So long running transactions on the primary and whether they

affect the replica and then also long running transactions on

the replicas and even when they can affect the primary.

Nikolay: ...a replica if hot standby feedback

is turned on, as we discussed.

Exactly.

Can report to...

They will report to primary, can have same effect.

Michael: Yeah.

So...

So I think that's not always something people are aware of.

But yeah, in terms of mitigations though, it feels like timeouts

for our friends in a lot of these cases is that, and monitoring,

we've brought up monitoring a lot, right?

Monitoring, alerting, even in extreme
cases, killing certain

problematic long-running transactions.

Nikolay: What did you want

Michael: to talk about in terms
of mitigations?

Nikolay: So, yeah, of course if
you can get rid of all the long

running transactions, both dangers
don't affect your database

health, which is great.

But sometimes we need long-running
transactions, sometimes we

need to accept some lag in replication
slots.

By the way, what caused me to start
distinguishing something

is not right.

We talk about long-running transactions,
but the same problem,

vacuum being blocked.

vacuum not fully blocked, you understand,
so you cannot DELETE

some data.

It's not only about long-running
transactions, it's also about

slots, it's also about prepared
transactions.

What's happening?

Okay, prepared transactions, they
are at least transactions,

but slots, right, or replication,
like anyway.

hot standby feedback.

Okay, hot standby feedback is also
about transactions that just

happen on standby, but just unused
logical slot.

So it's a wrong explanation of
some problem.

Problem is xmin horizon is frozen
it's not progressing right?

Michael: Not progressing yeah.

Nikolay: Maybe it's progressing
but too slow also might happen.

Michael: Yeah so if it's progressing
slowly though it's just

blocked at a new point, right?

Like it's...

Nikolay: Yeah, if it's progressing
too slow, your horizon of

XID, not horizon, but actual XID
is already too far.

So basically what we should look
at is Age of xmin horizon.

Age of the old xmin needed.

Yeah, this is what we, all we need.

And if it's too far in the past,
this is a problem.

And the reasons of this, as I said,
4 reasons.

And mitigation is simple.

Don't allow it to be too far in
the past.

How?

First of all, in OLTP I'm like
very highly recommend to be very

aggressive in time with timeout
settings globally.

I know documentation says that
it's like it's controversial and

so on like I know like If HTTP
server setting can afford 30 seconds

or 60 seconds as maximum for OLTP requests, why do we, database,

cannot afford at least the same
for all regular traffic.

Of course, for CREATE INDEX CONCURRENTLY,
REINDEX CONCURRENTLY,

we need to set it to 0.

What to set?

statement_timeout and 2 other things,
right?

If you think about transaction, it might be like something is

running, I don't transaction, something is running statement,

I don't transaction.

So it's either statement or I don't transaction and there is

a whole transaction.

So basically we have whole and 2 phases, like they switch after

each other, right?

It means we can limit the whole transaction or statement or item

transaction state.

And for all 3, we have setting, right?

And transaction_timeout.

Michael: Only since recently though, only since version 7.
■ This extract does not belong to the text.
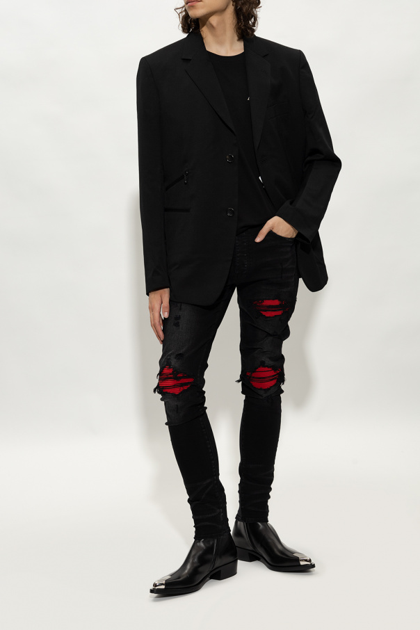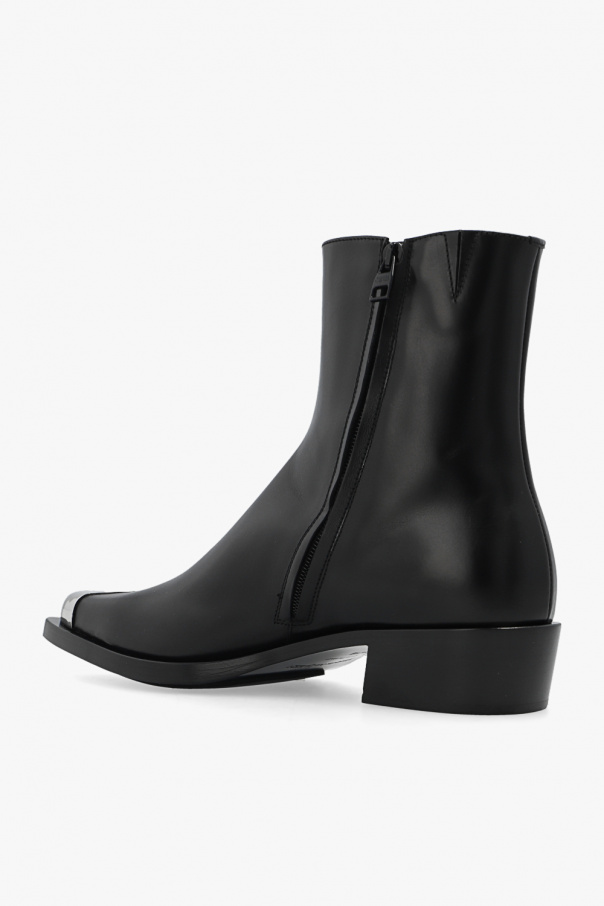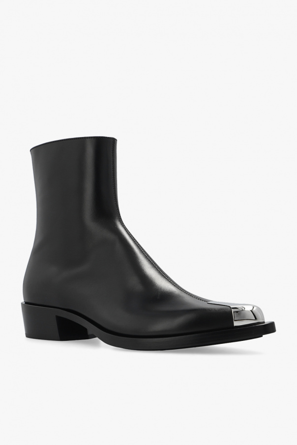 Black heeled ankle boots from Alexander McQueen. Crafted from calf leather, this model sits on a black leather sole with a rubber trim and features a pointed toe with silver-tone brass hardware.

Nikolay: We had an episode about transaction_timeout because

it was my idea.

I was super surprised.

I was walking around thinking, why it doesn't exist?

Like, maybe I don't understand Postgres enough after 15 years

of experience.

Then I told it to Andrei Borodin and he implemented.

Great.

In Postgres 17 it exists.

So in all new Postgres we have transaction_timeout so we can

finally limit the whole thing because before we could limit only

statement and idle_in_transaction_session_timeout.

Yes.

And if you have a series of brief statements and brief waiting

periods between statements, you could have hour or day-long transaction

easily.

Now you can limit the whole thing.

Limiting the whole thing is helpful.

Unfortunately, we cannot limit what we actually would like to

limit is xmin horizon.

Maybe we should have, I just, I just came, this idea came to

my mind just now.

Honestly, I need that info.

We could have like probably like xmin horizon maximum, after which

we start abandoning, like we're canceling transaction, abandoning

prepared transactions, like deleting them, and maybe killing

some application.

Yeah, yeah.

Yeah, why not?

Like 100 million protection, ultimate protection mechanism.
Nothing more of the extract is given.